Task brief » Omit any picture, and return the remaining data exactly as written.

Data items
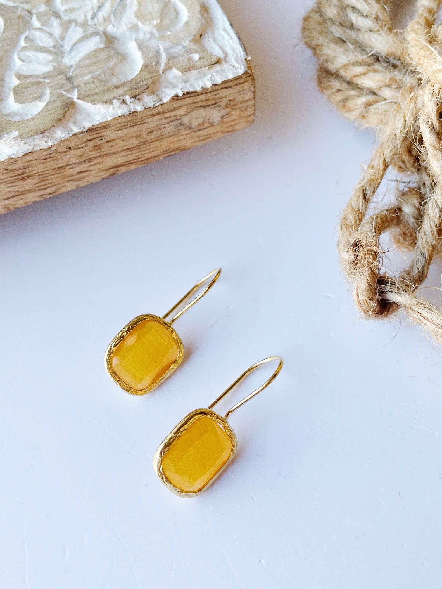 Pendientes de filigrana de latón chapado en oro con un ópalo de forma rectangular. Pendientes de bonitos colores. Piedras naturales. Longitud 3cm. Cierre de ballestilla. Para las que necesitan pendientes cortos y estilosos. Pendientes muy ligeros. Las piezas de la Colección Invitada están realizadas a mano, y son diferentes y únicas .
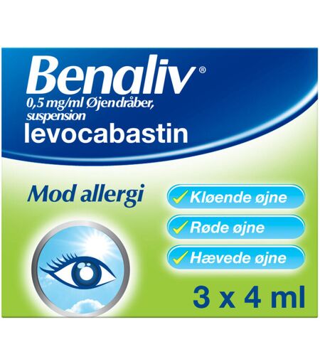 Benaliv anvendes til behandling af allergisk øjenbetændelse, der kommer på bestemte tidspunkter af året, og som viser sig ved at øjnene løber, klør og er røde og øjenlågene hæver eller når øjnene løber på grund af anden form for overfølsomhed (allergi). Benaliv bør ikke gives til børn under 2 år I pakningerne med medicin findes en patientvejledning, som du altid bør læse grundigt, inden du tager medicinen. Hvis du er i tvivl, om du må bruge medicinen, bør du kontakte egen læge. ...
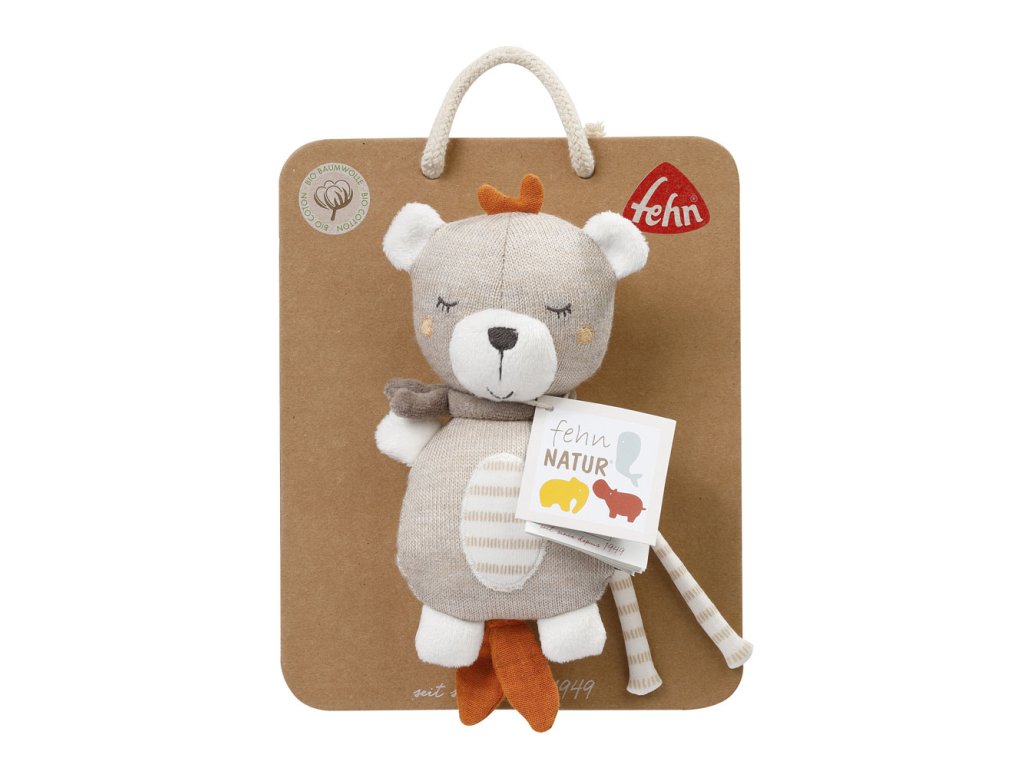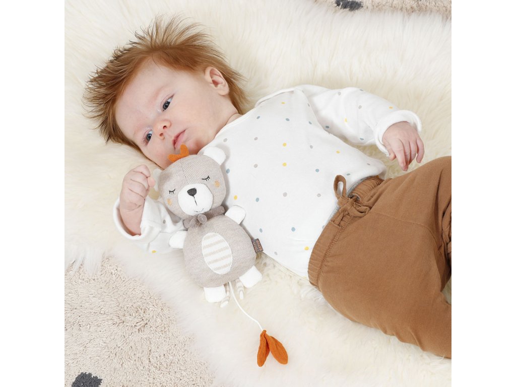 Hrací hračka medvídekHrací kamarád na doma i na cestyRoztomilý měkký plyšový medvídek je vyrobený z certifikované organické bavlny. Uvnitř plyšové hračky se nachází natahovací mechanismus, který po zatáhnutí hraje ukolébavku s příjemnou hlasitostí. Dvě praktické stuhy umožňují hračku připev...
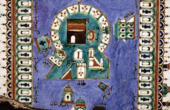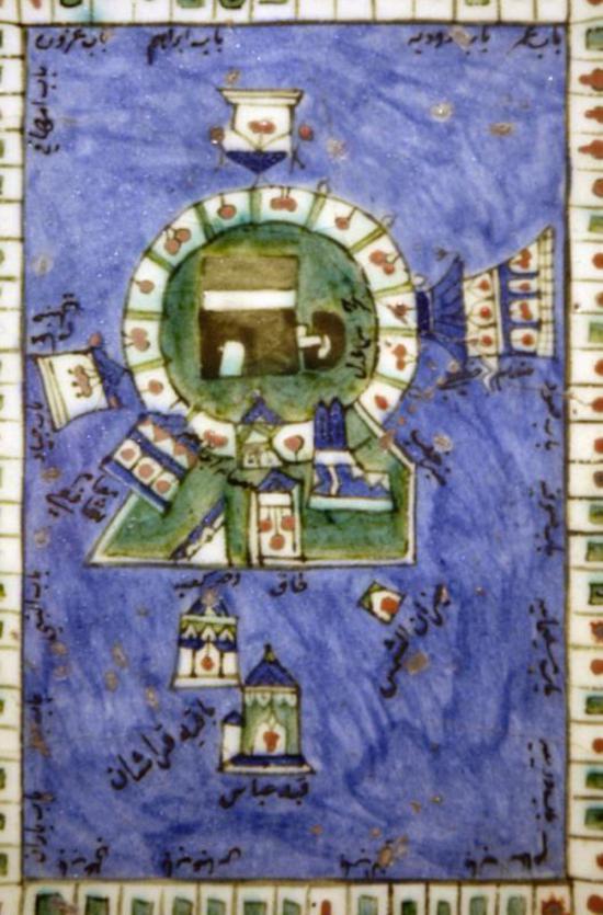Последняя четверть 16 века. Изразец из Изника. Комментарий из музейного каталога: «Это изображение Каабы, небольшой храм расположен недалеко от центра Главной мечети Мекки и рассматривается мусульманами всего мира как самое священное место на земле. Мусульмане ориентируются на эту святыню во время ежедневных молитв, когда хоронят своих покойных и стремятся совершить паломничество, хадж, в соответствии с предписанием Всевышнего, ниспосланным в Коране». Музей Исламского искусства в Стамбуле
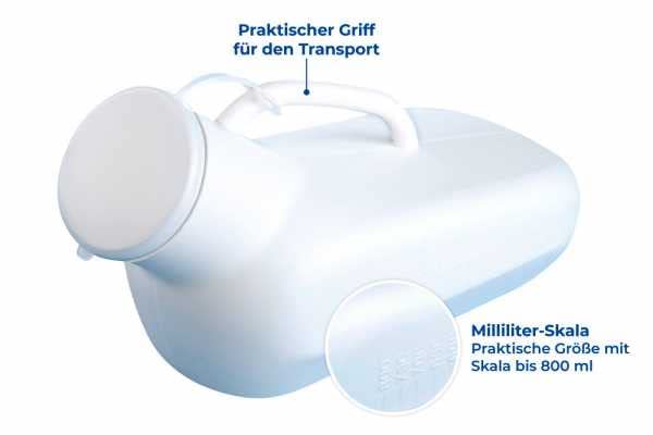 Details: With a tight seal and a scale up to 800 ml: If you can't reach the next toilet in time, the urine bottle is a discreet savior.
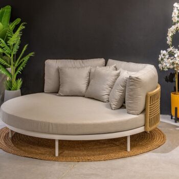 מסגרת חול אבן, חבלים דמוי טבעי, ריפוד אפור קרם.

Task result »
 Pendientes de filigrana de latón chapado en oro con un ópalo de forma rectangular. Pendientes de bonitos colores. Piedras naturales. Longitud 3cm. Cierre de ballestilla. Para las que necesitan pendientes cortos y estilosos. Pendientes muy ligeros. Las piezas de la Colección Invitada están realizadas a mano, y son diferentes y únicas .
 Benaliv anvendes til behandling af allergisk øjenbetændelse, der kommer på bestemte tidspunkter af året, og som viser sig ved at øjnene løber, klør og er røde og øjenlågene hæver eller når øjnene løber på grund af anden form for overfølsomhed (allergi). Benaliv bør ikke gives til børn under 2 år I pakningerne med medicin findes en patientvejledning, som du altid bør læse grundigt, inden du tager medicinen. Hvis du er i tvivl, om du må bruge medicinen, bør du kontakte egen læge. ...
 Hrací hračka medvídekHrací kamarád na doma i na cestyRoztomilý měkký plyšový medvídek je vyrobený z certifikované organické bavlny. Uvnitř plyšové hračky se nachází natahovací mechanismus, který po zatáhnutí hraje ukolébavku s příjemnou hlasitostí. Dvě praktické stuhy umožňují hračku připev...
Последняя четверть 16 века. Изразец из Изника. Комментарий из музейного каталога: «Это изображение Каабы, небольшой храм расположен недалеко от центра Главной мечети Мекки и рассматривается мусульманами всего мира как самое священное место на земле. Мусульмане ориентируются на эту святыню во время ежедневных молитв, когда хоронят своих покойных и стремятся совершить паломничество, хадж, в соответствии с предписанием Всевышнего, ниспосланным в Коране». Музей Исламского искусства в Стамбуле
 Details: With a tight seal and a scale up to 800 ml: If you can't reach the next toilet in time, the urine bottle is a discreet savior.
 מסגרת חול אבן, חבלים דמוי טבעי, ריפוד אפור קרם.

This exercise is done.